Ризницей служила небольшая комната, стены которой были увешаны полками. Там монахи держали атрибуты своего ремесла: облачения, парадные ризы, сосуды со святой водой и бутыли вина. Эдвин прошел в дальнюю дверь. Необходимость спешить подгоняла его.
Монастырь был прямоугольным, с внутренним двором под темным небом и крытой галереей по периметру. Собор был духовным центром ордена, а монастырь обеспечивал жизненно важные функции. Он предоставлял доступ к жилым кельям монахов, их трапезной, кухне и общей комнате.

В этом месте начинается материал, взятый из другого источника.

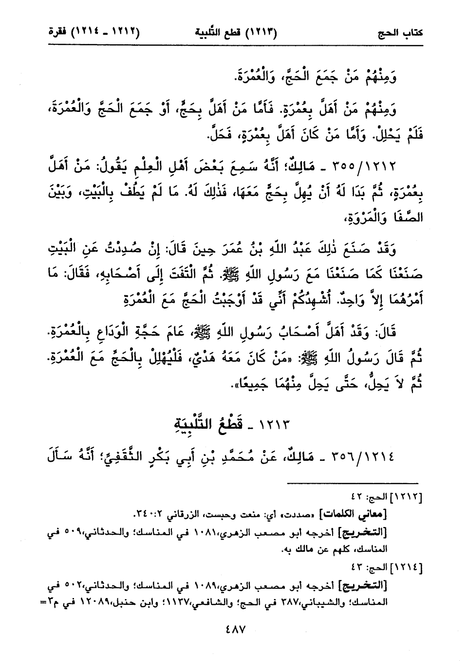 أخرجه أبو مصعب الزهري، ١٠٨١ في المناسك؛ والحدثاني، ٥٠٩ في المناسك، كلهم عن مالك به.
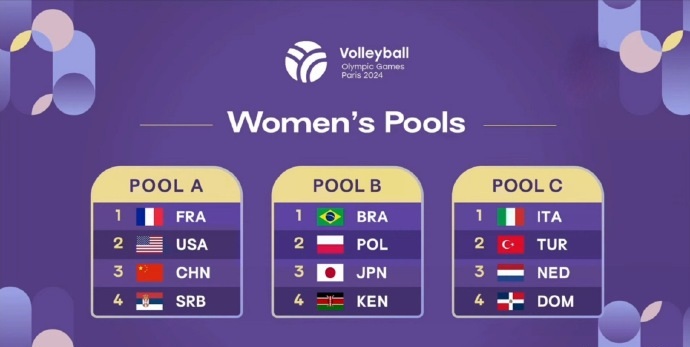 巴黎奥运会12支女排参赛队被分成三个小组,每组四队。B组为巴西队、波兰队、日本队和肯尼亚队,C组为意大利队、土耳其队、荷兰队和多米尼加队。根据规则,奥运会女排小组赛阶段采用单循环赛制,三个小组的前两名和两个成绩最好的第三名晋级八强淘汰赛。
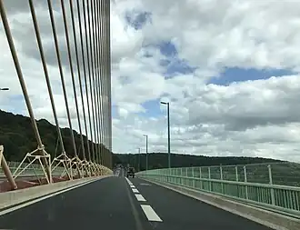 - Carriageways lie 50 metres (55 yd) above the Seine (maritime clearance)
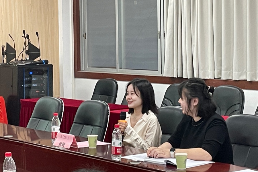 张雪梅对学院心理工作进行了概述,分析了学院心理工作具体情况。刘晶老师以“以⼼养⼼,⽤⼼育⼈”为心理主题展开经验分享。分享后杨芳淇、黄勃、程仕芬对心理工作难点和惯用工作方法与曾婕展开讨论交流,在曾婕引导下开展经验总结和反思。
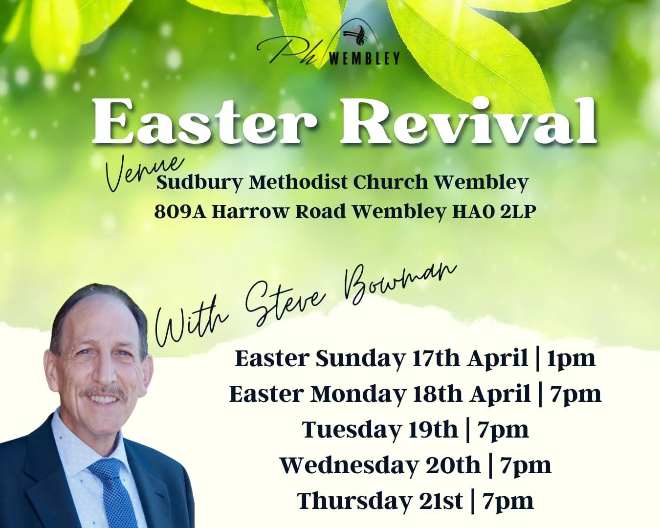 Easter Monday Revival Service with Peter Bowman | PH Wembley Monday 18 April 2022 19:00 21:00 Sudbury Methodist Church 809 Harrow Road Wembley, England, HA0 2LP United Kingdom (map) Google Calendar ICS
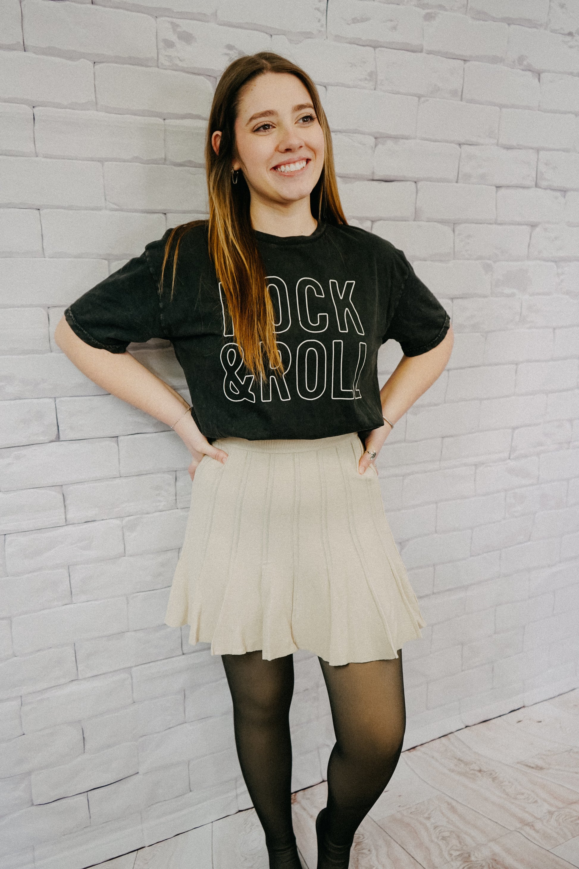 Introducing the Avery Knit Skirt - the perfect addition to your wardrobe! This pleated mini skirt is crafted from a comfortable knit material, providing both style and comfort. A must-have for any fashion-forward individual, this skirt is sure to turn heads and keep you feeling confident all day long.
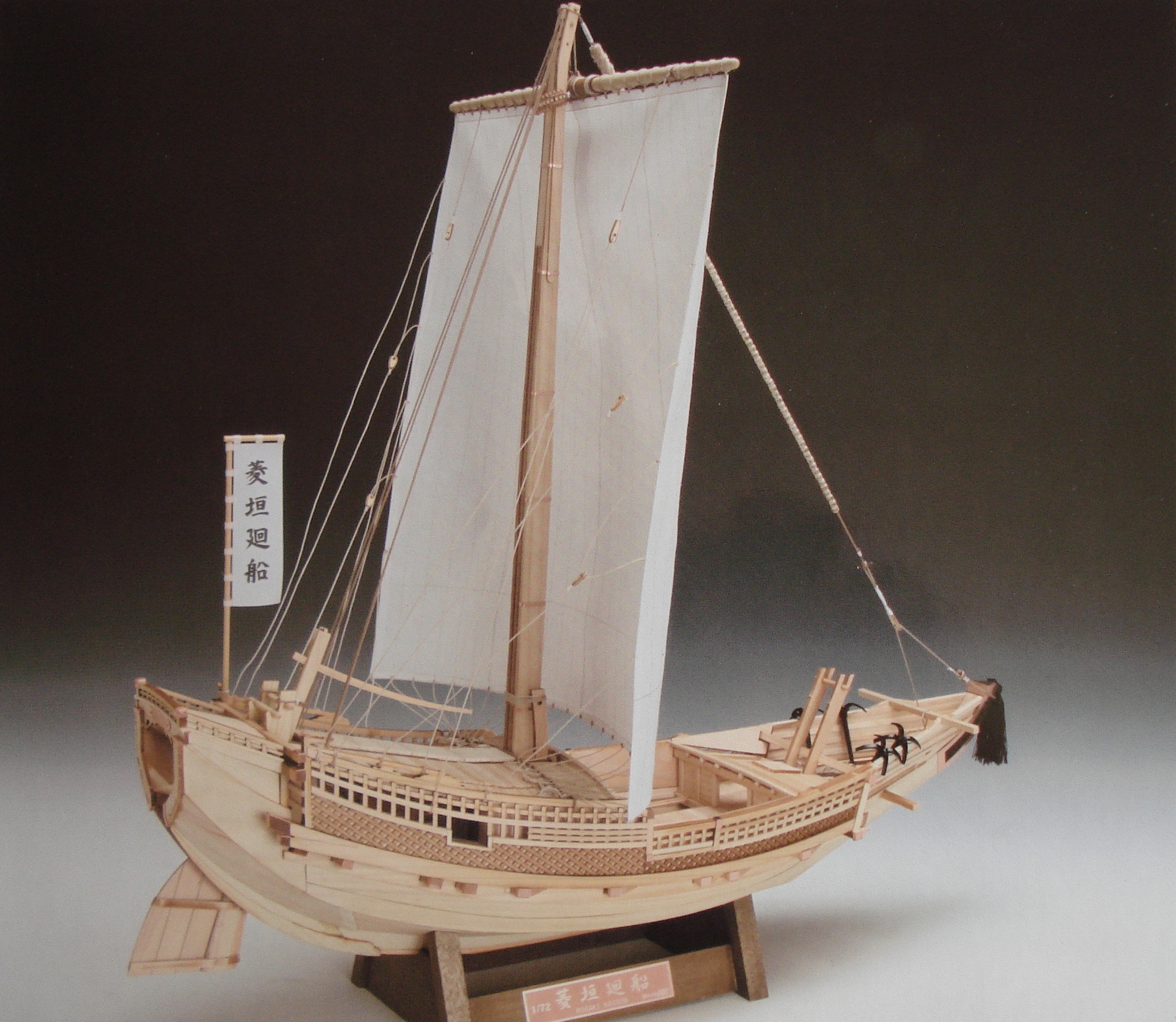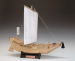 A recently released 1/72-scale laser-cut kit from Woody Joe of an Edo period coastal transport that operated out of the norther ports of Honshu and Hokkaido and the Japan Sea coast. An older kit also made by Woody Joe is now out of production, though might be found through some online dealers. The older kit is less accurately detailed, but is a larger scale, larger model, roughly 1/60 scale. The new kit is at the same scale as the Higaki Kaisen kit. This kit does not have the interior detail as the Higaki Kaisen kit, but construction has been simplified through the use of laser-cut parts. The completed model is about 1-1/2″ longer than the Higaki Kaisen.

Обычно в середине монастырского двора была одна лишь лужайка. Но только не той ночью.
Хлеб наш насущный даждь нам днесь,
И остави нам долги наша,
Яко же и мы оставляем должником нашим.
Голос Эдвина задрожал, когда он приблизился к центру монастыря. Четыре темные фигуры лежали на земле. Томас скалился от боли даже в смерти. Патрик и Брентон скорчились, каждый прижал голову к коленям. Будто испуганные дети в серых сиротских робах. А невидящий взор Стефена вперился в Эдвина вечным укором.
Его каббала.
Разрушена.
Навеки.
И не введи нас во искушение,
Но избави нас от лукавого.
Они пришли к Эдвину за последним причастием. Они знали, что за этим последует, – но не колебались. Он добавил им в вино мышьяк и беспомощно смотрел, как падали его братья в таинствах. Как слюна бежала из их ртов, глаза закатывались и конвульсии сотрясали их безвольные тела.
Эдвин молился, но вонь экскрементов и темно-алой мочи, излившихся из их тел, погнала его прочь. Смерть медлила, и крики мучимых адской болью еще долго звенели в тиши двора.
Им недолго преследовать его.
В Священном Писании говорится, что отнимать жизнь есть смертный грех, но эти люди сами пожертвовали собой ради высшей цели. Врата небесные, без сомнения, примут их. Эдвин переживал такое ошеломляющее ощущение потери, что опасался утратить человеческий облик.
Во имя Отца, и Сына, и Святого Духа,
И ныне, и присно, и во веки веков,
Аминь.
Эдвин отвернулся, полный решимости завершить начатое. Он прошел по вестибюлю до капитула. По монастырскому уставу, помещение капитула представляло собой пятигранник с равными по длине сторонами, то есть стенами. Скамьи опоясывали капитул целиком, на них и сидели во время собраний братья ордена. Теперь они были пусты, как и весь собор.
Эдвин швырнул факел в связки тростника. Немедленно занявшееся пламя осветило комнату. Он отступил, чтобы не загореться самому. Огонь скакал и метался в дьявольской пляске, пожирая подношение. Суеверный страх пронзил Эдвина, когда он устремился прочь по вестибюлю от клубов дыма, которые валили из капитула.
В треске пожара за его спиной ему будто слышалось собственное имя. Эдвин возвращался по тому же пути так быстро, как только позволяли его застывшие суставы. Он задержался в ризнице – и ненасытные языки пламени жадно лизнули полки. Пыльные облачения и старые ризы вспыхнули огнем. Но – не божественным.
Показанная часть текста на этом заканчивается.